* Your objective *
Transcribe, exactly and without pictures, the lines below from the line with "Брюки взрослые прямого" to the line with "Beżowy sweter z", both ends included, and no others.

* Data under study *
┌──

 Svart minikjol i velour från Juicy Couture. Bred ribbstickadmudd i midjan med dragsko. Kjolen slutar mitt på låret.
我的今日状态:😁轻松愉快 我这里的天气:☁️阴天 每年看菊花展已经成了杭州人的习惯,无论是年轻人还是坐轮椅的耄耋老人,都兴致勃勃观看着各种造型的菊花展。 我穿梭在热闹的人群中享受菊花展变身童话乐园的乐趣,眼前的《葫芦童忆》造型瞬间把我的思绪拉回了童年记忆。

└──
┌──

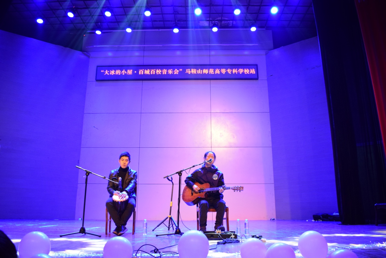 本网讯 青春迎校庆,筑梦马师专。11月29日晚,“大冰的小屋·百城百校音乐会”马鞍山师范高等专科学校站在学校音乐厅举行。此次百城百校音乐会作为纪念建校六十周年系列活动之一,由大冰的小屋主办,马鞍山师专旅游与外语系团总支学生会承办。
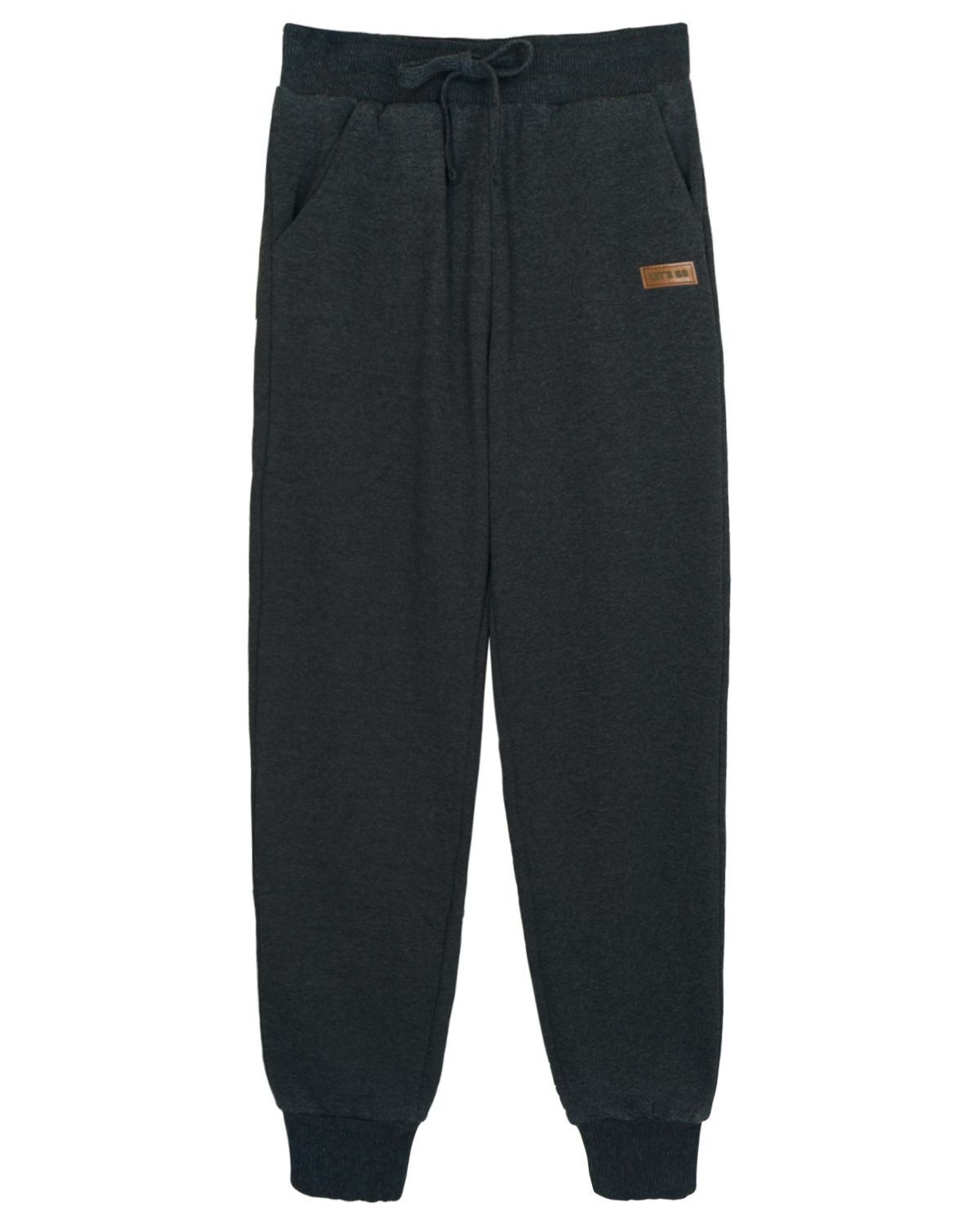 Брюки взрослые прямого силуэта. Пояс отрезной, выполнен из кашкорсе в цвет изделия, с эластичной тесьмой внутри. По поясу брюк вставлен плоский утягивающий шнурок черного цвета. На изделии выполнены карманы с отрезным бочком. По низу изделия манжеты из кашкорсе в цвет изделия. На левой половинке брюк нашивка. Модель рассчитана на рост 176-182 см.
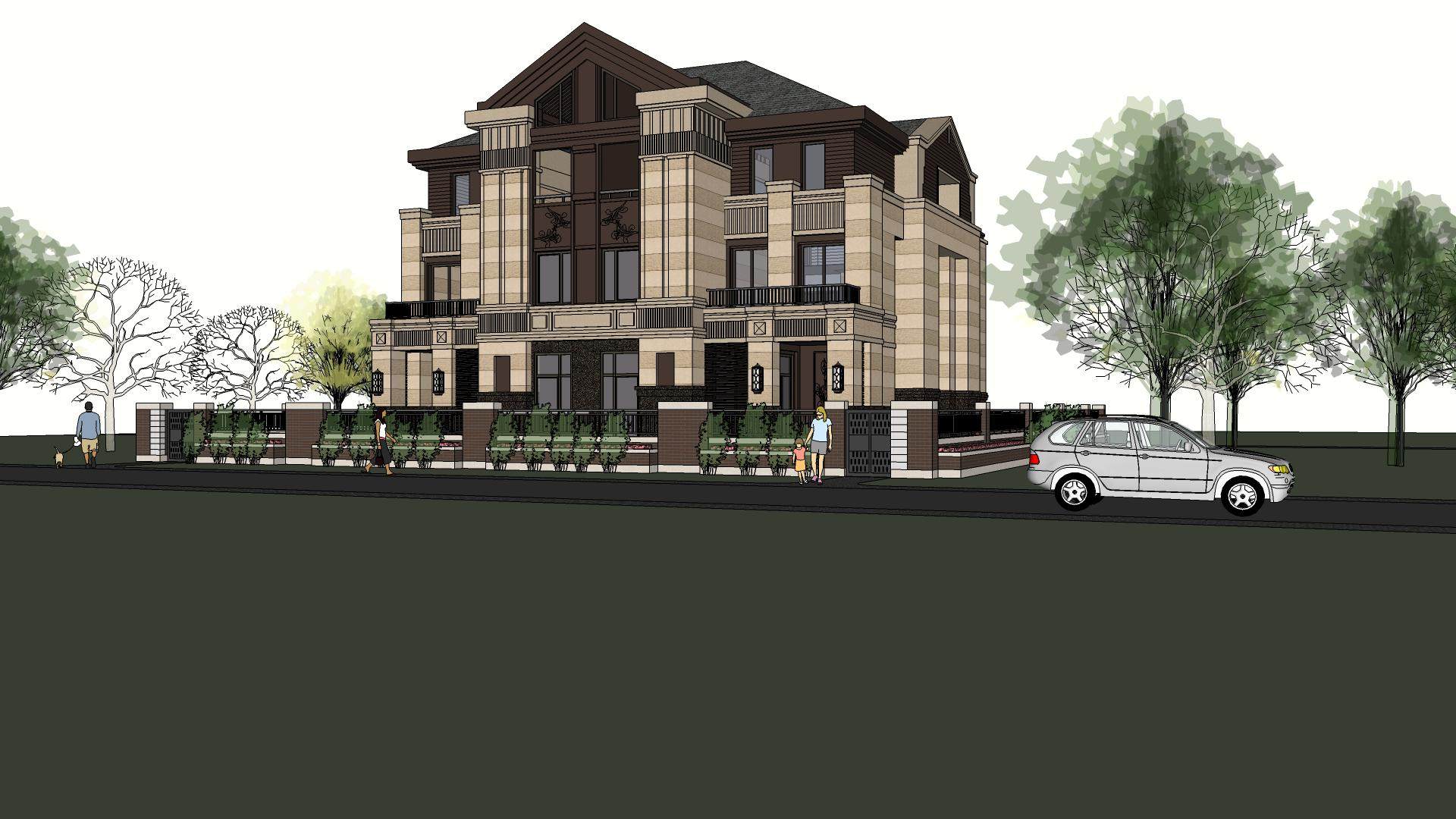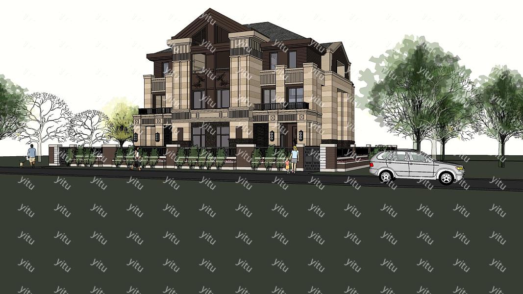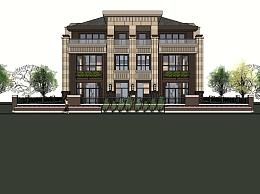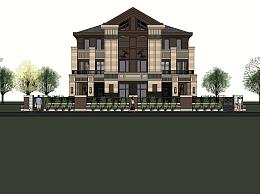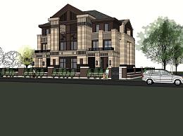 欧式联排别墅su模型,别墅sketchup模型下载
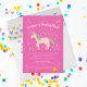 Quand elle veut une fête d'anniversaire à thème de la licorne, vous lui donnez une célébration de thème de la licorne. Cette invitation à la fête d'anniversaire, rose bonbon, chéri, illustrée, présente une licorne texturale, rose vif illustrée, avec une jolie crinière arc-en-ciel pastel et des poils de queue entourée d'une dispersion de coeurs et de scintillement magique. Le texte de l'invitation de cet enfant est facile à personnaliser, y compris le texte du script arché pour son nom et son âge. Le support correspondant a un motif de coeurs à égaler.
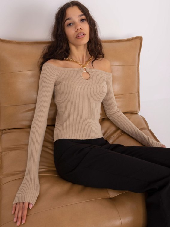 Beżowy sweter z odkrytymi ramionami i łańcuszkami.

└──

* Written reply *
 Брюки взрослые прямого силуэта. Пояс отрезной, выполнен из кашкорсе в цвет изделия, с эластичной тесьмой внутри. По поясу брюк вставлен плоский утягивающий шнурок черного цвета. На изделии выполнены карманы с отрезным бочком. По низу изделия манжеты из кашкорсе в цвет изделия. На левой половинке брюк нашивка. Модель рассчитана на рост 176-182 см.
 欧式联排别墅su模型,别墅sketchup模型下载
 Quand elle veut une fête d'anniversaire à thème de la licorne, vous lui donnez une célébration de thème de la licorne. Cette invitation à la fête d'anniversaire, rose bonbon, chéri, illustrée, présente une licorne texturale, rose vif illustrée, avec une jolie crinière arc-en-ciel pastel et des poils de queue entourée d'une dispersion de coeurs et de scintillement magique. Le texte de l'invitation de cet enfant est facile à personnaliser, y compris le texte du script arché pour son nom et son âge. Le support correspondant a un motif de coeurs à égaler.
 Beżowy sweter z odkrytymi ramionami i łańcuszkami.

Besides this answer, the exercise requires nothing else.